Respirar cine a pleno pulmón
Fresa y chocolateFresa y chocolate conmocionó La Habana. La voz de Senel Paz y las imágenes de Gutiérrez Alea, complementado por su discípulo Juan Carlos Tabío, trajeron a Cuba, en un momento invivible de su vida, aire libre respirable a pleno pulmón.Ahora descubrimos que su imán arrastra también fuera de Cuba y abre camino a la idea de que lo que narra es un asunto universal, porque la metáfora de amistad y libertad que representa nos concierne a todos y, puesto que ocurre en Cuba, nos ocurre a todos, incluidos quienes niegan que la isla por excelencia es el rescoldo de una hoguera que puede apagarse, pero no extinguirse. Así hay que entender su triunfo en Berlín: que, en un escaparate de lujo, esta pobre película, hecha con cuatro cuartos, superase en riqueza estética y moral a los opulentos filmes occidentales.
Dirección: Tomás Gutiérrez Alea y
J. C. Tabío. Guión: S. Paz. Fotografía: M. G. Joya. Música: J. M. Vitier.Cuba, 1993. Intérpretes: Jorge Perugorría, Vladímir Cruz, Mirta Ibarra. Cines Gran Vía, Roxy, Vaguada, Princesa y Renoir.
La energía de una obra tan frágil procede de su fragilidad. Un plumazo, o zarpazo, de los burócratas castristas la hubiera barrido del mapa. Pero no osaron darlo: les desarmó su desarme, y la película pasó la aduana ideológica a la manera de las espinas atravesadas en la garganta. Luego, fuera de Cuba, que la dictadura no la vulnerase fue degradado por los anticastristas violentos a síntoma de que la violencia castrista la hacía suya. Y otros dardos le llegaron desde el otro lado de la barricada.
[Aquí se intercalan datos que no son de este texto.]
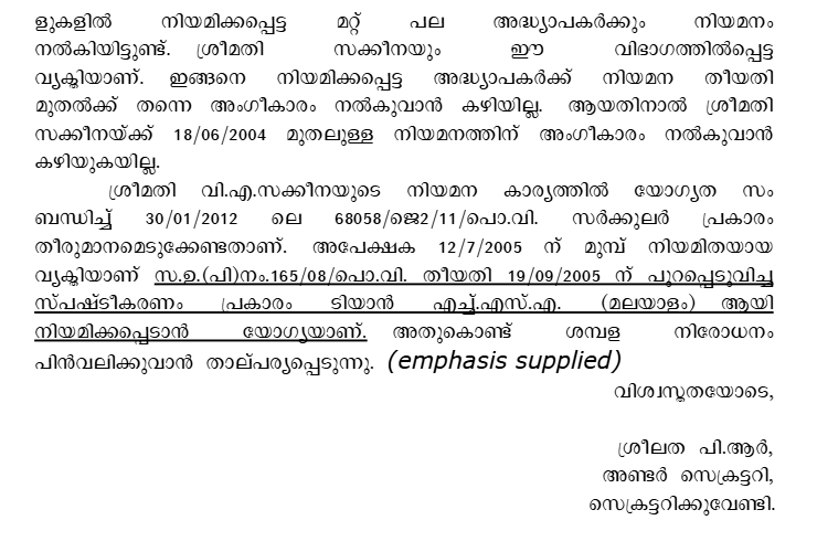2. The petitioner, and another teacher whose appointment as HSA (Malayalam) in the very same school with effect from 25.7.2005 had not been approved, thereafter filed W.P.(C)No.1666 of 2009 in this Court wherein they challenged the orders passed by the authorities declin

¿Por qué tanta hostilidad contra un filme, tan pacífico? Precisamente porque es pacífico de verdad, violentamente pacífico: una mágica, divertida, emocionante y magistral comedia con dolorosas esquinas radicales. Sus intérpretes son extraordinarios; el temple de su realización indica que hay un maestro de su oficio detrás de la cámara; en su guión se funden la alegría de contar una verdad y el dolor de esa verdad contada. Su fuerza procede de la hondura de su sencillez, indicio de la seguridad con que están elaborados su secuencia y sus personajes; y de que se trata de un relato en estado de gracia sobre un estado de desgracia, lo que crea un chorro de amistad del espectador hacia la pantalla: el desesperado canto a la esperanza de una comedia que se mueve, con elegancia y pudor, en el tono elegiaco, escrito bajo el crepúsculo, del poema de un amanecer perdido.
Hay en este hermoso filme un canto a la revolución oculto en el rechazo a la impostura burocrática que le usurpó el nombre. En ella, la encarnación del impulso que convirtió a Cuba en centro del mundo no está en los opresores mecanismos de supervivencia de aquel vendaval, sino en algo tan callado como los pasos furtivos por las aceras de la bella vieja Habana de un muchacho inerme, sentimental, pícaro, libre e imaginativo, al que los gendarmes del ocaso del estalinismo ven como un foco de peste.
Eso es lo impagable de esta obra: su pasión por la paz de la gente cubana y su rechazo a lo que ha convertido en un atolladero el destino de su país, plasmados en un joven que no se presta a entrar en una alternativa envilecedora y se niega a aceptar que revolución y libertad, socialismo y democracia, son sueños incompatibles. Ésa es la cuerda floja por donde se mueve el muchacho -prodigiosamente creado por Jorge Perugorría- de Fresa y chocolate: no entiende una sociedad solidaria que no sea totalmente libre ni una sociedad libre que no sea totalmente solidaria. De ahí los palos que le caen y de ahí también la creciente -por oculta que ahora esté y precisamente por eso- vigencia de su presencia y su tarea en la vida.